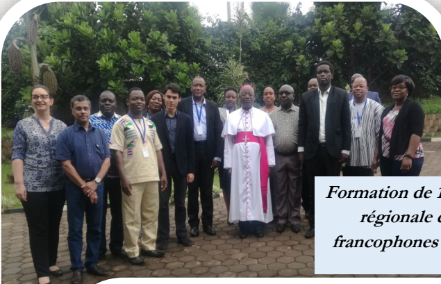
Formation de 15 membres de l'équipe régionale de Coordonneurs francophones à Kigali (février 2019).
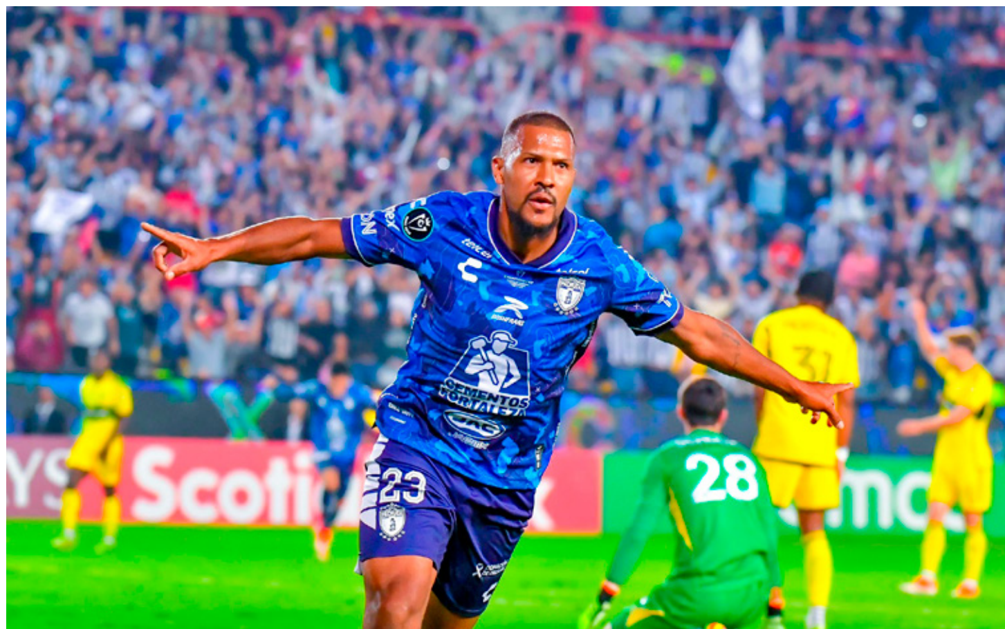
■ Pachuca enfrentará por primera vez a un club de la UEFA en el Mundial de Clubes.

Quintana Roo tiene 143 medallas en esta Olimpiada Nacional, 40 de oro, 57 de plata y 46 de bronce.

◆ **Task**: An exact copy of the listing is required; return it without any pictures.

◆ **Written answer**:
Formation de 15 membres de l'équipe régionale de Coordonneurs francophones à Kigali (février 2019).
■ Pachuca enfrentará por primera vez a un club de la UEFA en el Mundial de Clubes.

Quintana Roo tiene 143 medallas en esta Olimpiada Nacional, 40 de oro, 57 de plata y 46 de bronce.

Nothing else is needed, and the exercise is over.